Another front runner in the race for inclusivity, is Code Oregon. As a cutting edge, statewide partnership between Worksystems and Treehouse, Code Oregon is leading the nation in providing FREE online interactive education platforms. Their stated goal is ”to create new designers and developers to fill the huge number of jobs that are being created.” To meet this lofty goal, Treehouse provides “quality online training that teaches high-demand languages such as iOS, Android, HTML, CSS, WordPress, PHP, Python, JavaScript, Ruby, and more. Top students will be identified and WorkSource will then provide them with career services, mentoring, and additional training to be vetted as job-ready.”

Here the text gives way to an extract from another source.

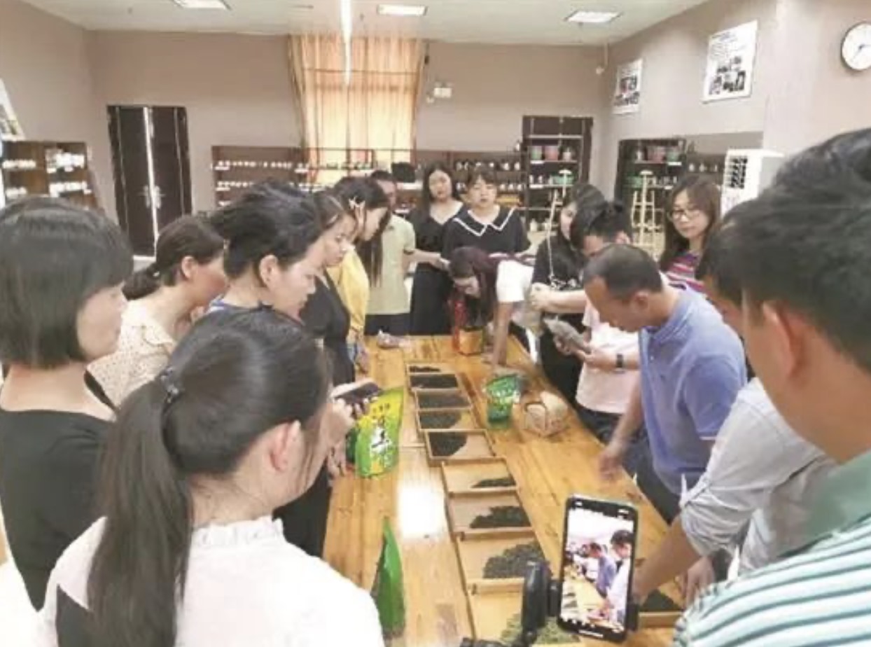 廣東科貿(mào)職院高職擴(kuò)招茶藝班學(xué)生在學(xué)習(xí)識別茶葉
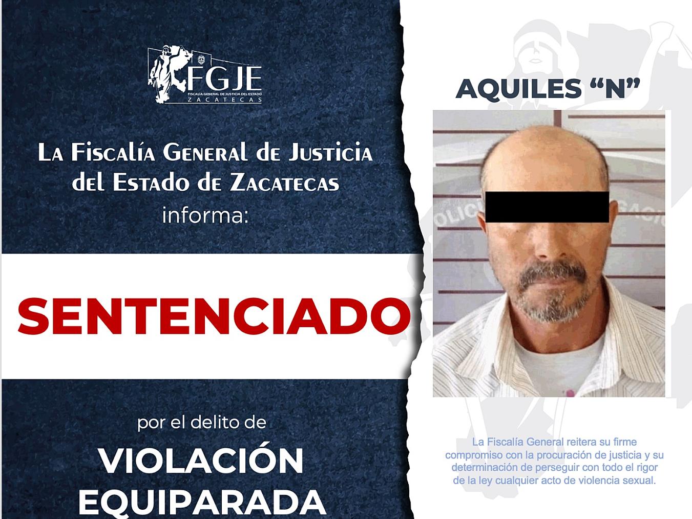 SOMBRERETE, ZAC.- La Fiscalía General de Justicia del Estado obtuvo sentencia condenatoria mediante procedimiento abreviado en contra de Aquiles “N”, por el delito de violación equiparada en perjuicio de una persona con discapacidad intelectual. Se le impuso una pena de seis años y ocho meses de prisión.

“Initiatives like Code Oregon help people find high-paying, rewarding jobs more quickly,” said Ryan Carson, co-founder and CEO of Treehouse. “We want to start the Code-to-Work movement, which will take someone from no experience, to job-ready, to a rewarding career – all without a degree and zero experience. The rules are all changing. You just don’t need a Computer Science degree any more to get an amazing job in the tech industry.”